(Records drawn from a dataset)

====

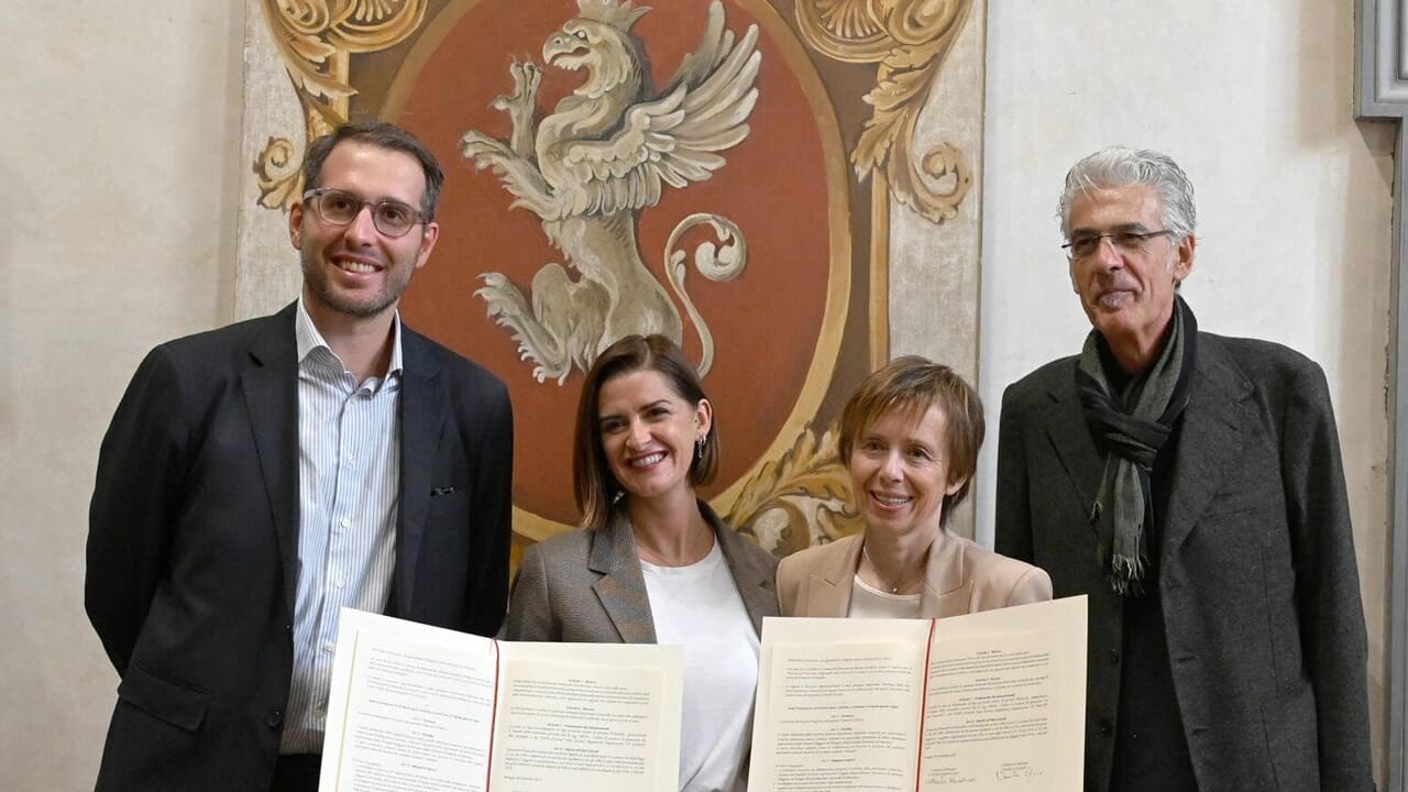 Perugia e Fabriano collaborano per valorizzare l’offerta turistica e i rispettivi ambiti territoriali ricchi di peculiarità ed eccellenze storiche, culturali, paesaggistiche e ambientali. L’alleanza tra le due città è stata formalizzata ieri nella Sala Rossa del Palazzo dei Priori del capoluogo umbro, con la firma di un protocollo d’intesa da parte del sindaco perugino Vittoria Ferdinandi e di quello di Fabriano Daniela Ghergo. Erano presenti anche l’assessore al Turismo di Perugia Fabrizio Croce e l’assessore al Turismo e alle Politiche giovanili di Fabriano Andrea Giombi. A dare il via all’iter che ha portato all’accordo è stata la delibera del 2019 con cui il Consiglio comunale di Perugia aveva espresso la volontà di realizzare iniziative comuni per veicolare il patrimonio dei due territori, prevedendo una sorta di gemellaggio tra la Fontana Maggiore di Perugia e la Fontana Sturinalto di Fabriano, simboli di due città e dei loro popoli. Nel marzo 2023 a Fabriano e nel maggio 2024 a Perugia si sono svolti i primi eventi per consolidare il rapporto di amicizia. Il progetto prevede di sviluppare un processo di conoscenza delle identità locali, di incentivare l’organizzazione di eventi, di facilitare la fruizione e l’accessibilità ai rispettivi sistemi museali mediante agevolazioni finalizzate a favorire l’interscambio di visitatori. Quindi di favorire, attraverso i canali di comunicazione istituzionali, manifestazioni di rilevante interesse per accrescere l’attrattività dei territori.
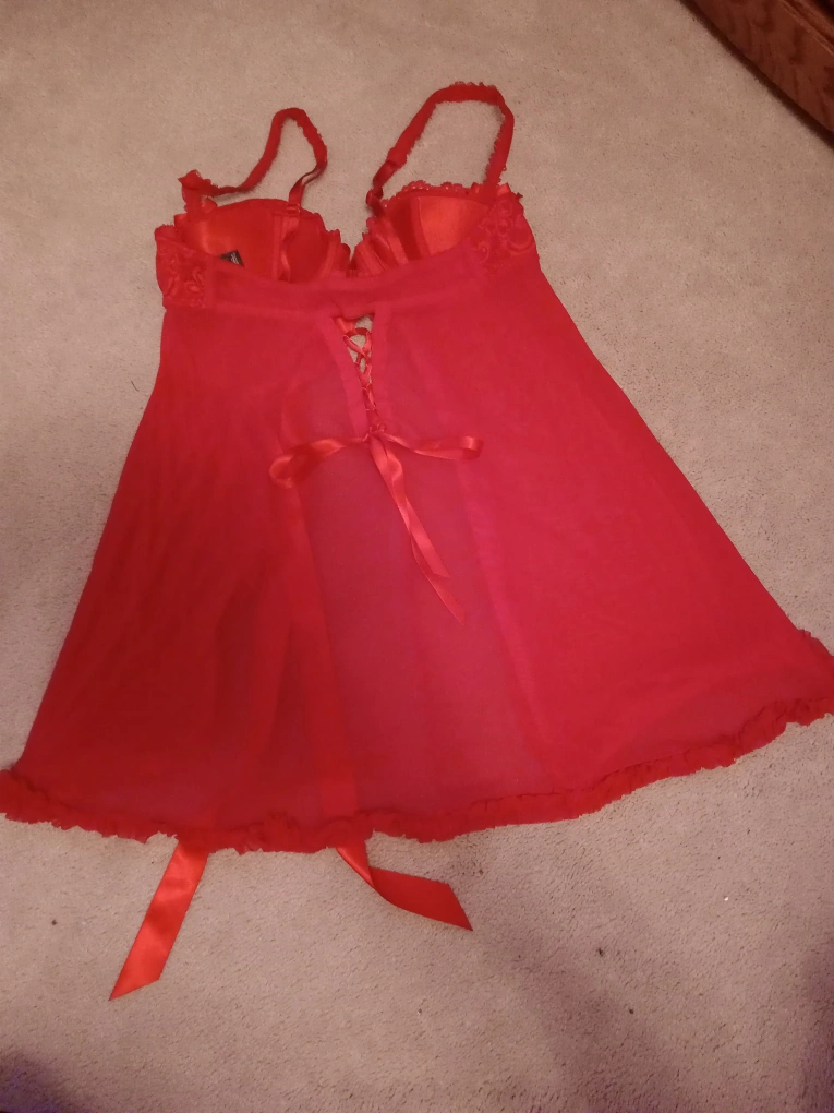 Sexy red babydoll with adjustable straps. Features trim and a ribbon tie at the front and back
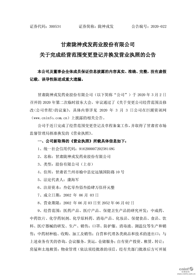 關(guān)于完成經(jīng)營(yíng)范圍變更登記并換發(fā)營(yíng)業(yè)執(zhí)照的公告
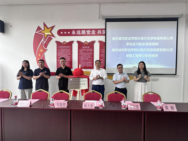6月26日下午,重庆城市职业学院信息与智能制造学院与重庆海尔洗涤电器有限公司在明华楼404举行学生实习就业基地揭牌仪式暨卓越工程师订单班签约仪式。重庆海尔洗碗机工厂制造部长苟儒熠,信息与智能制造学院副院长杨代强出席。信息与智能制造学院党总支书记、副院长杨大奎主持仪式。
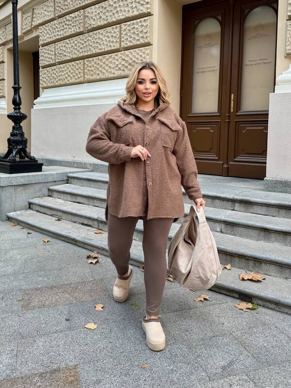 Тканина «еко-баранчик на флісі» має приємну фактуру, не скочується, не розтягується після прання і виглядає дорого. Вона чудово тримає форму, залишаючись при цьому м’якою і комфортною для шкіри. Приємний коричневий відтінок додає тепла образу та легко комбінується з базовими речами гардеробу — від класичних джинсів до спортивних лосин.
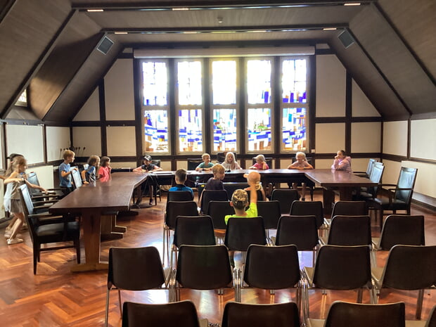 ...Wir durften ins Büro der Bürgermeisterin. Dann sind wir in den Saal, wo die Stadträte tagen. Dort saß dann Charlotte auf dem Platz der Bürgermeisterin und Max saß neben ihr...
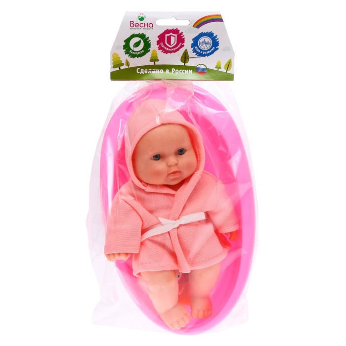 Набор «Карапуз – мальчик в ванночке» сделает сюжетно-ролевую игру «Дочки-матери» более увлекательной и интересной. В него входит: пупс с рельефной головой, ванна 22,5 х 15 х 5,5 см, игрушка-утёнок, коврик, губка и банный халатик. Игрушка отечественного производства изготовлена из безопасного нетоксичного пластика и ПВХ. Малыша можно купать, как настоящего ребенка. После принятия водных процедур, маленькая мама споет своему сыночку колыбельную песенку и уложит его спать.
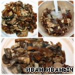Грибки. У Елены Ивановны в рецепте про них много сказано, но, увы, хоть пора и грибная, а не оказалось свежих. Взял смесь из морозилки прошлогоднюю.
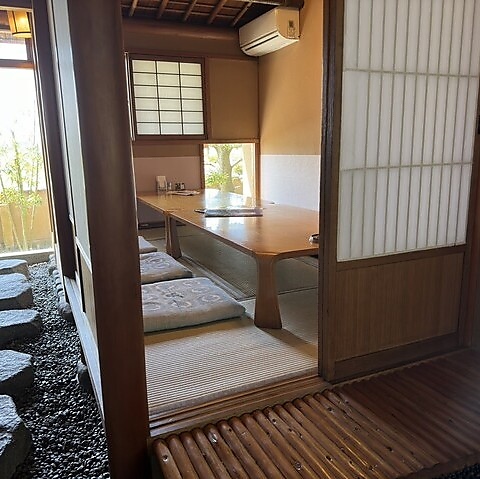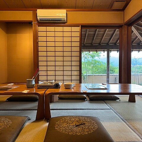 和の落ち着きを感じられる特別な空間です。足を伸ばせるので、リラックスしながら食事を楽しむことができます。大きな窓からは美しい庭園が望め、自然の景色を眺めながらゆったりとした時間を過ごせます。家族や友人との会話も弾み、心温まるひとときをお楽しみください。特別な食事体験をぜひご堪能ください。
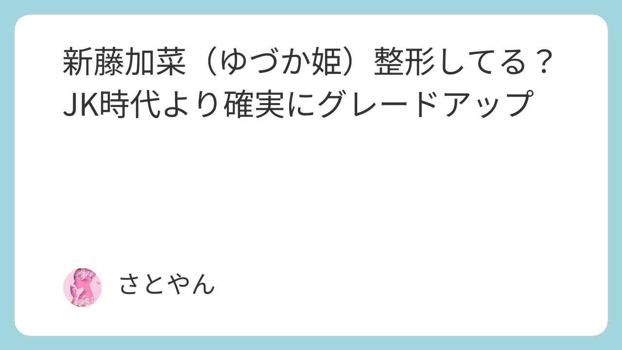 新藤加菜(ゆづか姫)整形してる?JK時代より確実にグレードアップ
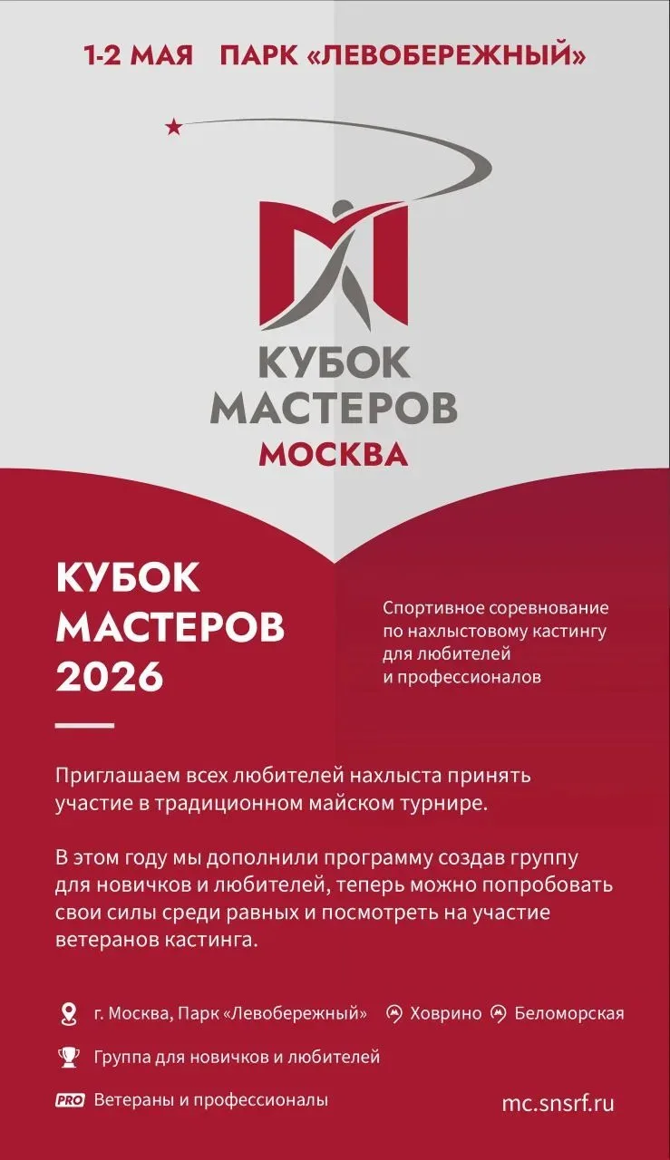 Друзья, напоминаем всем тем кто любит нахлыст! 1-2 мая в парке отдыха Левобережный пройдут соревнования по нахлыстовому кастингу - Кубок Мастеров 2026.

====

• [DIRECTIONS] What is needed is an exact copy of the lines from the one with "新藤加菜(ゆづか姫)整形してる?JK時代より確実にグレードアップ" through the end of the data above, both included, minus any pictures.

• [ANSWER BOX]
 新藤加菜(ゆづか姫)整形してる?JK時代より確実にグレードアップ
 Друзья, напоминаем всем тем кто любит нахлыст! 1-2 мая в парке отдыха Левобережный пройдут соревнования по нахлыстовому кастингу - Кубок Мастеров 2026.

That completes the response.